What you are asked to do> Only the lines below from the one with "8451- مسلم بن" through the one with "Featuring a beautifully" are to be written out, exactly and without any images.

Extracted information>
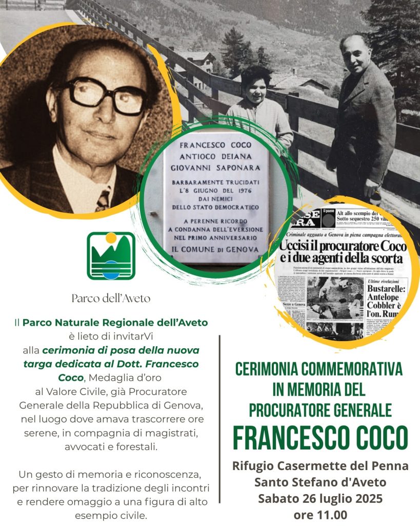 “Lì dove tornava per ritrovare la pace, oggi lo onoriamo per non dimenticare”. Il Parco dell’Aveto organizza un appuntamento speciale di memoria e giustizia in memoria di Francesco Coco, Medaglia d’Oro al Valore Civile, un uomo delle istituzioni.
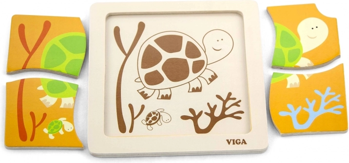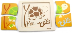 Drvene puzzle s kornjačicom dizajnirane su za djecu od 18 mjeseci. Sastoje se od četiri velika dijela koji se lako uklapaju u drveni okvir ili se mogu slagati zasebno. Svaki je dio šaren i nudi jedinstven način za razvoj dječje prostorne mašte i koordinacije oko-ruka.
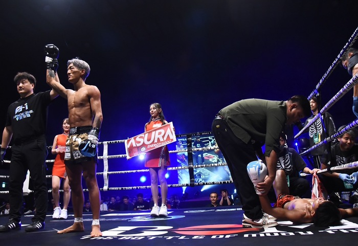 シワラットは左ミドル、黒田は左ストレート。黒田は左ストレートで下がったシワラットにもう一度左ストレートを放ち、それがかわされると伸ばした腕を戻さず引っかけたまま左ヒザ蹴りを突き刺してダウンを奪う。シワラットは悶絶して立ち上がることが出来ず、黒田の秒殺KO勝ちとなった。
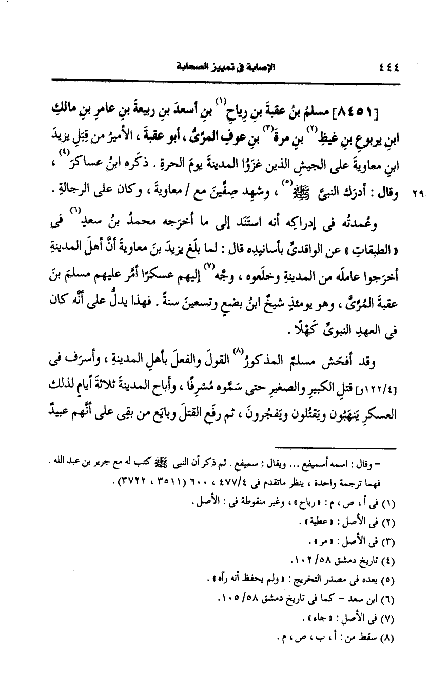 8451- مسلم بن عقبة بن رباح بن أَسعد بن ربيعة بن عامر بن مالك بن يربوع بن غيظ بن مرة بن عوف المري أَبو عقبة.
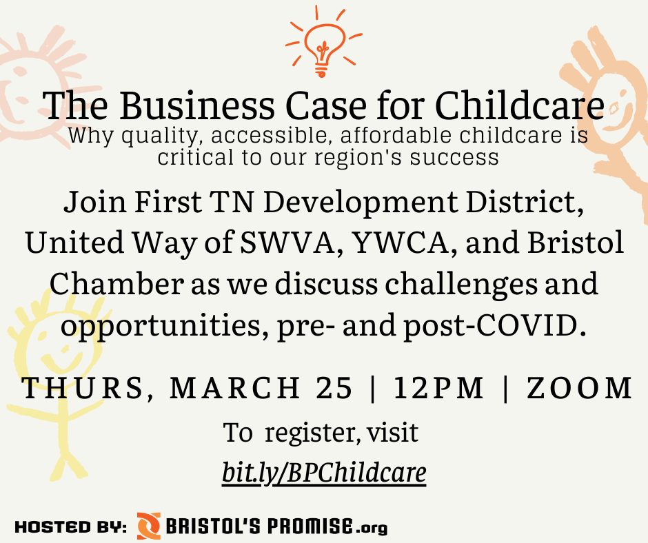 Join us for a panel discussion on “The Business Case for Childcare; why quality, accessible, affordable childcare is critical for our region’s success” We’ll discuss challenges and opportunities, pre- and post-COVID. Guest speakers include Beth Rhinehart, Bristol Chamber of Commerce CEO;
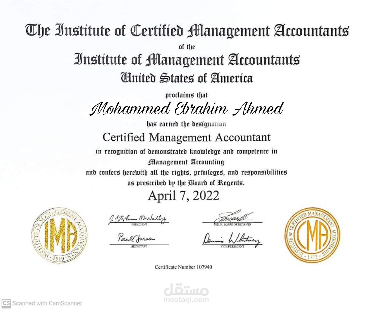 Cma cretifcate
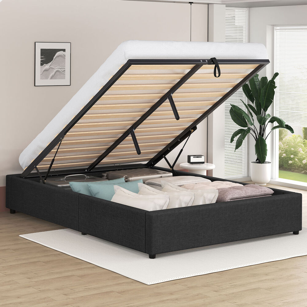 ALFORDSON Bed Frame Queen Size Gas Lift Storage Mattress Base Charcoal WILBUR
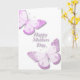 Un papillon en haut et en bas de l'image avec le message “Joyeuse fête des mères” au milieu, tout en rose sur fond blanc par martinspixs.
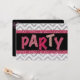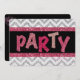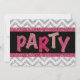 Scintillez et brillez l'invitation personnalisable de fête d'anniversaire avec des lettres de regard d'étincelle de diverses couleurs de rose qui définissent la PARTIE, l'argent et les rayures blanches de chevron, et de secteurs que vous pouvez facilement customiser avec votre information de fête d'anniversaire.
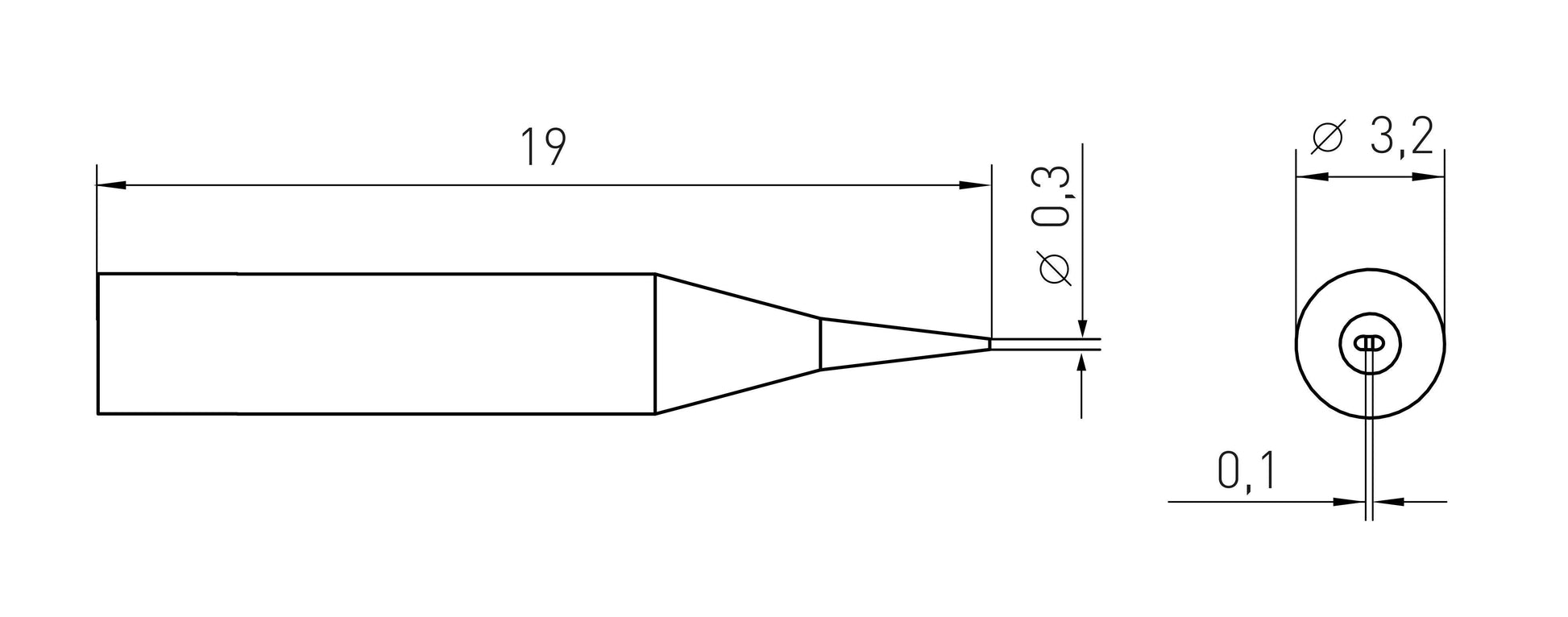Denne loddespids fra WELLER er en RTMS Micro loddespids (RTMS 003 S NW MS, varenummer T0050115299) designet til præcis manuel lodning. RTMS Micro soldering tip er udført i mejsel-form med dimensionerne Ø 0.3 x 0.1 mm og er angivet som "not wettable" og MIL‑SPEC-kompatibel i producentens datablad. Kort tip-til-greb afstand og optimeret form er nævnt som medvirkende til maksimal præcision.Tekniske egenskaber og identifikation
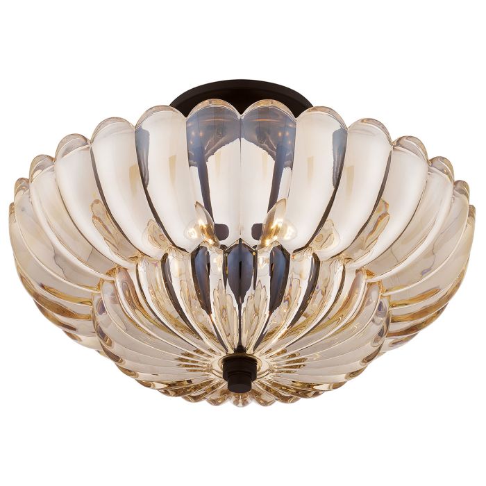 Featuring a beautifully scalloped shade, the Whitecap semi-Flush light is elegant and sophisticated. The amber glass flows beautifully upward towards the canopy. Whitecap is finished in a rich mottled cocoa finish, providing depth and contrast to the shimmering glass. Hang this beautiful ceiling light in any hallway, foyer, home office, bathroom, or kitchen for instant style.
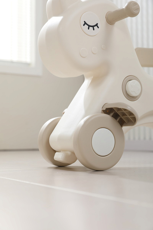 Как и другие детские товары марки Unix line, лошадка изготовлена из пищевого пластика 4-го класса — согласно классификации ГОСТ, гипоаллергенного и абсолютно безвредного даже для самых маленьких пользователей. Также этот материал не боится UV-лучей, и его можно использовать на улице.

Your response>
 8451- مسلم بن عقبة بن رباح بن أَسعد بن ربيعة بن عامر بن مالك بن يربوع بن غيظ بن مرة بن عوف المري أَبو عقبة.
 Join us for a panel discussion on “The Business Case for Childcare; why quality, accessible, affordable childcare is critical for our region’s success” We’ll discuss challenges and opportunities, pre- and post-COVID. Guest speakers include Beth Rhinehart, Bristol Chamber of Commerce CEO;
 Cma cretifcate
 ALFORDSON Bed Frame Queen Size Gas Lift Storage Mattress Base Charcoal WILBUR
 Un papillon en haut et en bas de l'image avec le message “Joyeuse fête des mères” au milieu, tout en rose sur fond blanc par martinspixs.
 Scintillez et brillez l'invitation personnalisable de fête d'anniversaire avec des lettres de regard d'étincelle de diverses couleurs de rose qui définissent la PARTIE, l'argent et les rayures blanches de chevron, et de secteurs que vous pouvez facilement customiser avec votre information de fête d'anniversaire.
Denne loddespids fra WELLER er en RTMS Micro loddespids (RTMS 003 S NW MS, varenummer T0050115299) designet til præcis manuel lodning. RTMS Micro soldering tip er udført i mejsel-form med dimensionerne Ø 0.3 x 0.1 mm og er angivet som "not wettable" og MIL‑SPEC-kompatibel i producentens datablad. Kort tip-til-greb afstand og optimeret form er nævnt som medvirkende til maksimal præcision.Tekniske egenskaber og identifikation
 Featuring a beautifully scalloped shade, the Whitecap semi-Flush light is elegant and sophisticated. The amber glass flows beautifully upward towards the canopy. Whitecap is finished in a rich mottled cocoa finish, providing depth and contrast to the shimmering glass. Hang this beautiful ceiling light in any hallway, foyer, home office, bathroom, or kitchen for instant style.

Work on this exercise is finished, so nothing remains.